BTW I wasn't looking for cheap wipers, my Bosch ones were smearing my screen, and I just spotted the Bluecol ones when in Tesco one day and thought i would give them a go.. As they get decent reviews online. And i'm happy with them. so far.

thought I'd share the love

Chronos


----------



## terry lloyd (Feb 12, 2014)

You know you can buy just the refills for a couple of quid off ebay


----------



## Chronos (Dec 2, 2013)

terry lloyd said:


> You know you can buy just the refills for a couple of quid off ebay


well at £4 for a brand new whole wiper and a brand new adapter with each, i'm not too bothered, and they only take 2 mins to swap over


----------



## terry lloyd (Feb 12, 2014)

Not seen them before looks like a refill with a plastic fitting stuck to it - should be fine at 200mph


----------



## Chronos (Dec 2, 2013)

terry lloyd said:


> Not seen them before looks like a refill with a plastic fitting stuck to it - should be fine at 200mph


Ok when i tested them on track.


----------



## Adamantium (Jun 24, 2002)

He said 200mph not 30mph.


----------



## snuffy (Mar 26, 2014)

Can you get one's with the little blue LEDs on ? You you the sort that are fitted to Corsas and make you look like a right twat ?


----------



## Chronos (Dec 2, 2013)

Adamantium said:


> He said 200mph not 30mph.














snuffy said:


> Can you get one's with the little blue LEDs on ? You you the sort that are fitted to Corsas and make you look like a right twat ?


----------



## Robbie J (Jan 8, 2005)

I imported a bunch of Nissan blades fro the US, its was £30 for 3 sets


----------



## snuffy (Mar 26, 2014)

What does an NHPC charge for a set ?


----------



## terry lloyd (Feb 12, 2014)

snuffy said:


> What does an NHPC charge for a set ?


I did read £115 + vat bargain


----------



## Chronos (Dec 2, 2013)

terry lloyd said:


> I did read £115 + vat bargain


ouch!!! wouldn't pay that on principal! and BTW I wasn't looking for cheap wipers, my Bosch ones where smearing my screen, and I just spotted the Bluecol ones when in Tesco one day and thought i would give them a go.. As they get decent reviews online. And i'm happy with them. so far.


----------



## snuffy (Mar 26, 2014)

terry lloyd said:


> I did read £115 + vat bargain


Bloody hell.

That's another example of "Nissan thinking". Charge a stupid amount of money and end up not selling any. Any other company would conclude they were charging way too much, but Nissan would wouldn't.


----------



## AdnanK (Jun 11, 2013)

terry lloyd said:


> You know you can buy just the refills for a couple of quid off ebay


I need some, got a link to any on eBay, ones I have seen aren't GTR specific?


----------



## Johnny G (Aug 10, 2012)

I've used the PIAA silicone refills and they were superb. But I can't find them now for the GTR. 
Anyone know where I can get some?


----------



## terry lloyd (Feb 12, 2014)

AdnanK said:


> I need some, got a link to any on eBay, ones I have seen aren't GTR specific?

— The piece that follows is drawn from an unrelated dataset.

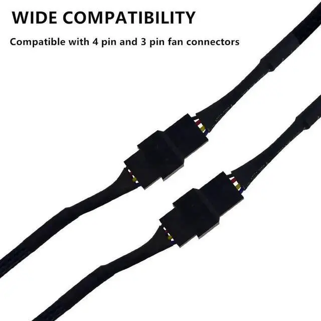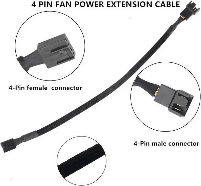 4-Pin male to female fan extension cable, compatible with 4pin PMW fan connector and 3pin fan connector.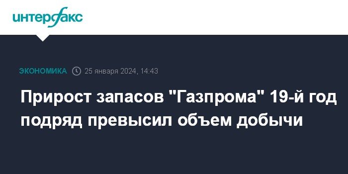 Москва. 25 января. INTERFAX.RU - Прирост запасов "Газпрома" в 2023 году снова превысил объем добычи, коэффициент восполнения запасов уже 19-й год подряд выше единицы, отмечает компания.

They have to be cut down very easy to do just make sure you cut the right end as one end has a stop other is open


----------



## barry P. (May 9, 2010)

Chronos said:


>


Chronos,
Hint : "Your" is not the same as "You're"


----------



## Chronos (Dec 2, 2013)

barry P. said:


> Chronos,
> Hint : "Your" is not the same as "You're"


I did notice that, but it was far to late to adjust it, and I just knew the grammar police would get me, in my defence I did nick the image off Google images :chuckle:


----------



## GlastoVeteran (Dec 15, 2011)

Johnny G said:


> I've used the PIAA silicone refills and they were superb. But I can't find them now for the GTR.
> Anyone know where I can get some?


The reason for the absence is because their warehouse burned down, but that was almost a year ago now, so I'm not sure why there is still a supply shortage.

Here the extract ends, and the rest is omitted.